Task requirements: From top to bottom, return the listing exactly as it appears, omitting its images.

Recorded data:
--
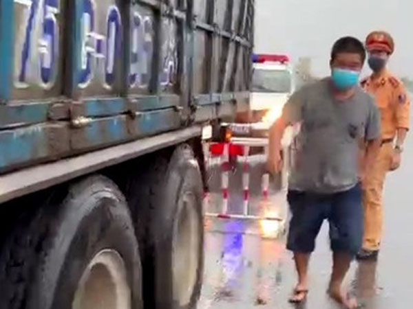 Quá trình làm việc, tài xế không khai báo họ tên, liên tục gọi điện thoại cho người nào đó. Trạm CSGT Hải Lăng báo cáo với lãnh đạo Phòng CSGT, Ban Giám đốc Công an tỉnh để xử lý cho kéo xe về trạm cân trọng tải.
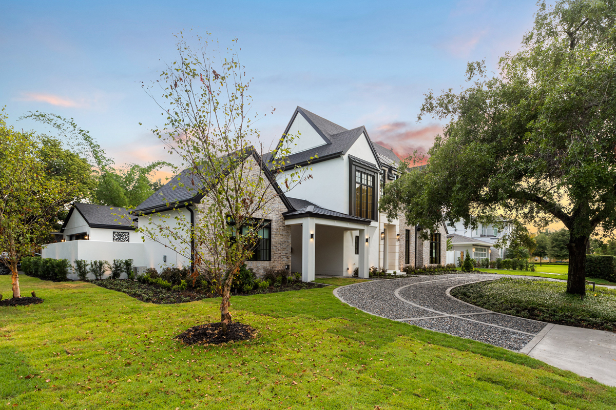 The intricate architectural features of this home also include two gable end features with black trim on a white painted
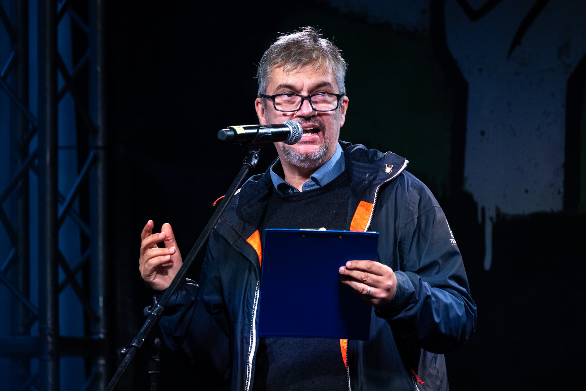 Az Együtt volt politikusa, az est utolsó hivatalos felszólalója azt mondta, nem fél, és bízik benne, hogy a tüntetők sem félnek. Szerinte azokat kell megvédeni, akik kiállnának, hogy elmondják a saját ügyüket, akik „hajlandóak még így is, a hatalommal szemben fellépni. Én értük vagyok itt.” Szeretné a megjelentek szolidaritását feléjük irányítani. A nemtelen lejáratásokról beszél, amelyek azokat érik, akik kiállnak a hatalom ellen.
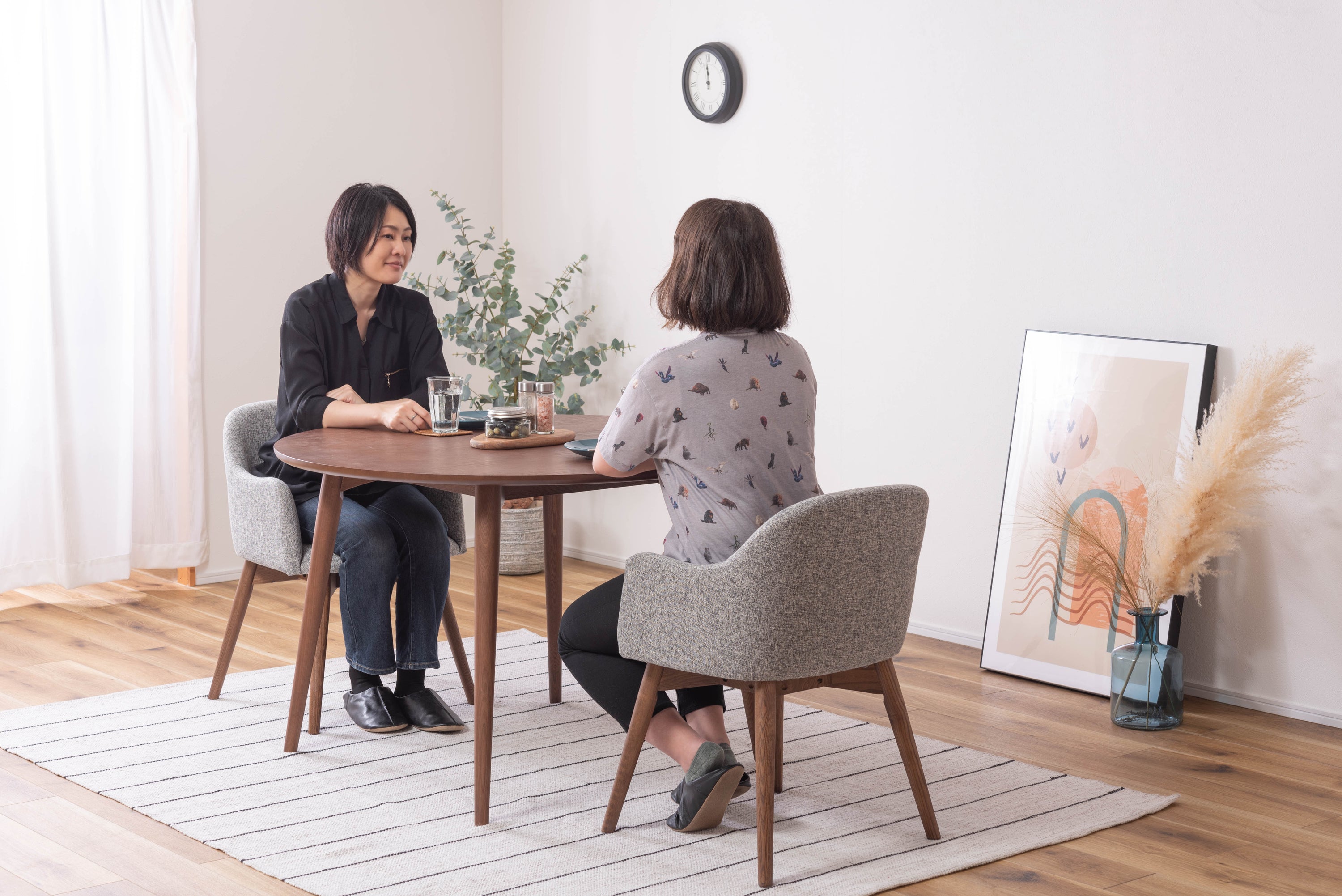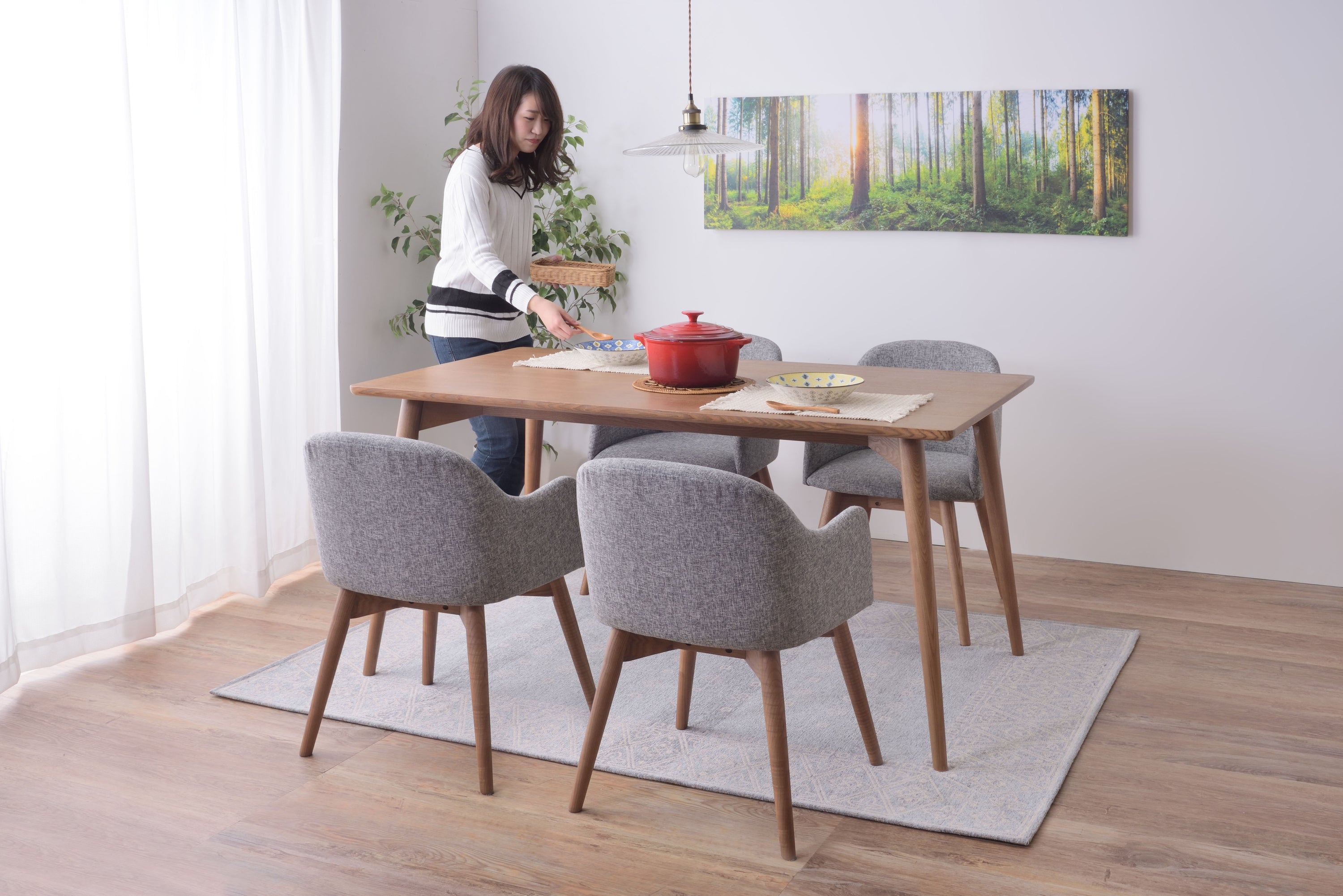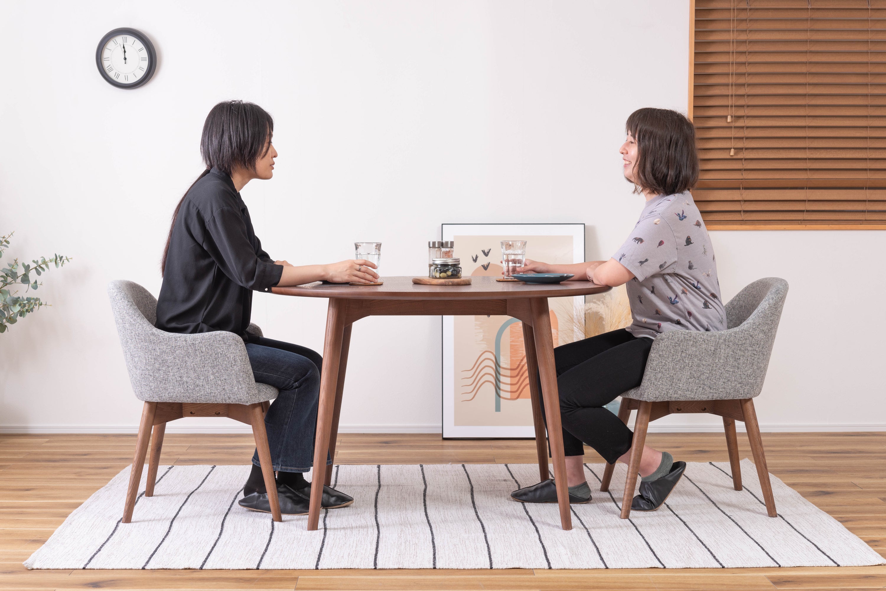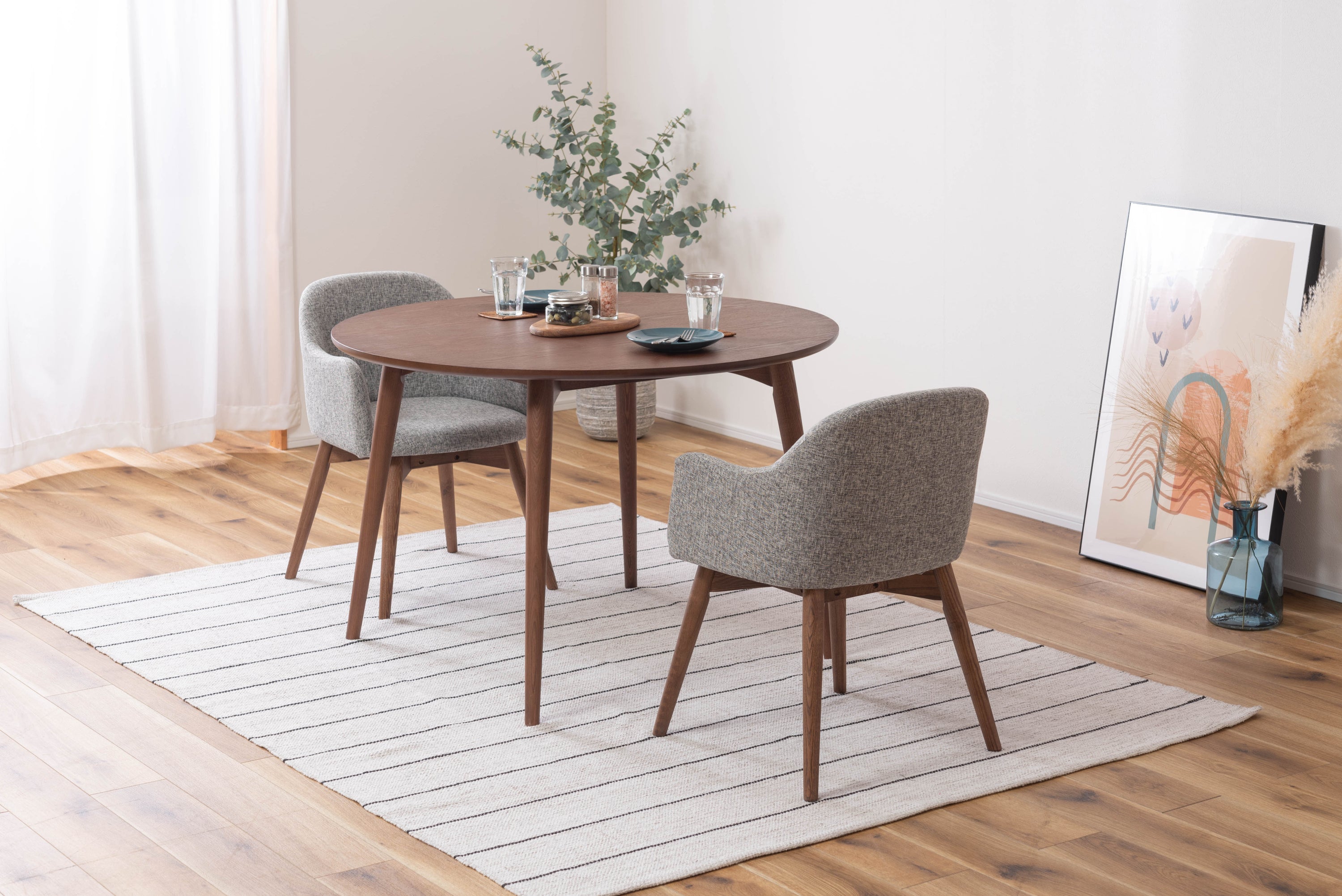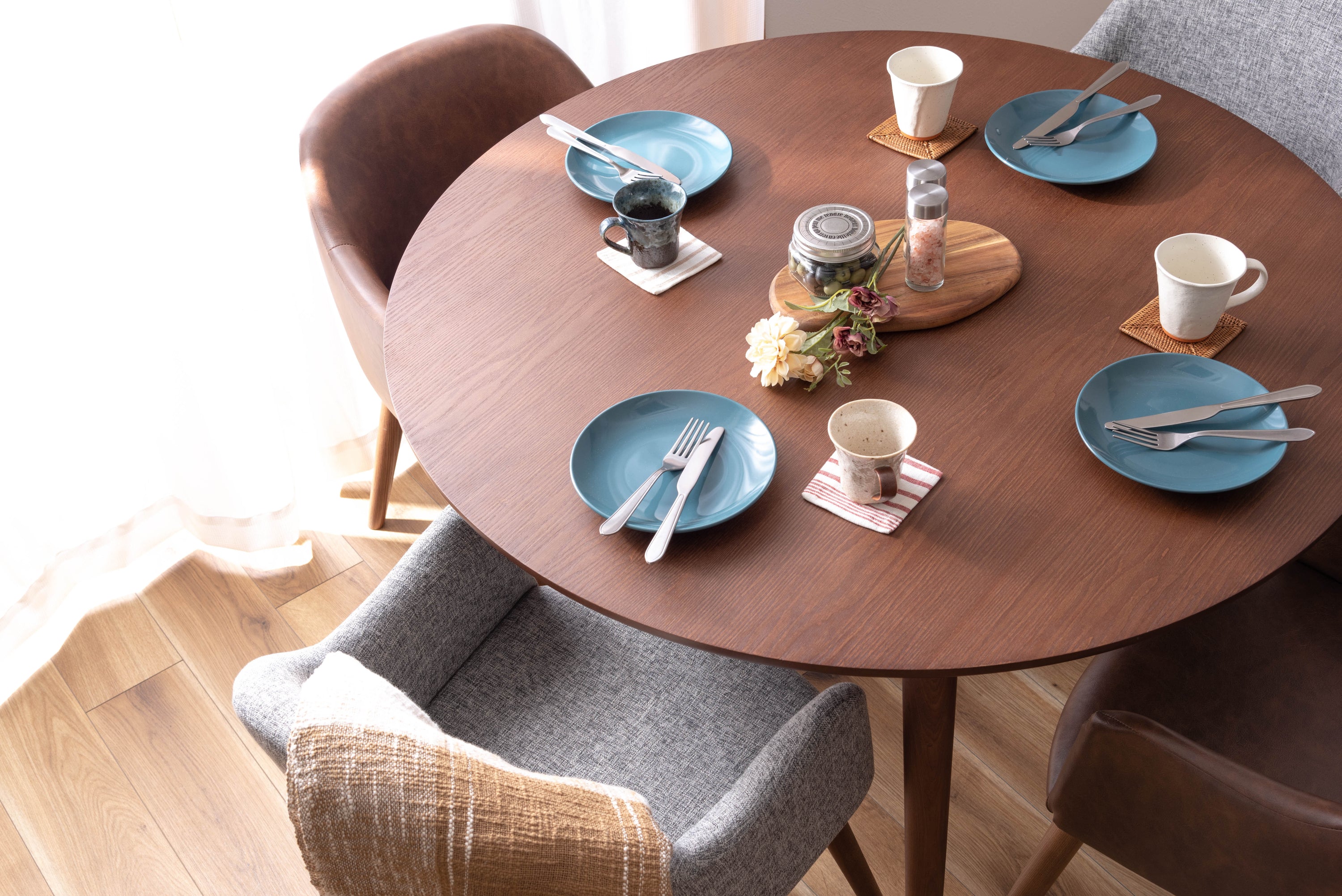 人気のカラメリシリーズに、落ち着いた色味のブラウンのテーブルが登場。ナチュラル同様に丸みのあるデザインを取り入れ、永く親しみやすいように仕上げました。セットにおすすめのチェアは、同シリーズのダイニングチェア。脚部分がブラウンなのでテーブルとの色味もばっちりです。より一層シックで落ち着いた雰囲気の食卓を演出します。
--
Finished task:
 Quá trình làm việc, tài xế không khai báo họ tên, liên tục gọi điện thoại cho người nào đó. Trạm CSGT Hải Lăng báo cáo với lãnh đạo Phòng CSGT, Ban Giám đốc Công an tỉnh để xử lý cho kéo xe về trạm cân trọng tải.
 The intricate architectural features of this home also include two gable end features with black trim on a white painted
 Az Együtt volt politikusa, az est utolsó hivatalos felszólalója azt mondta, nem fél, és bízik benne, hogy a tüntetők sem félnek. Szerinte azokat kell megvédeni, akik kiállnának, hogy elmondják a saját ügyüket, akik „hajlandóak még így is, a hatalommal szemben fellépni. Én értük vagyok itt.” Szeretné a megjelentek szolidaritását feléjük irányítani. A nemtelen lejáratásokról beszél, amelyek azokat érik, akik kiállnak a hatalom ellen.
 人気のカラメリシリーズに、落ち着いた色味のブラウンのテーブルが登場。ナチュラル同様に丸みのあるデザインを取り入れ、永く親しみやすいように仕上げました。セットにおすすめのチェアは、同シリーズのダイニングチェア。脚部分がブラウンなのでテーブルとの色味もばっちりです。より一層シックで落ち着いた雰囲気の食卓を演出します。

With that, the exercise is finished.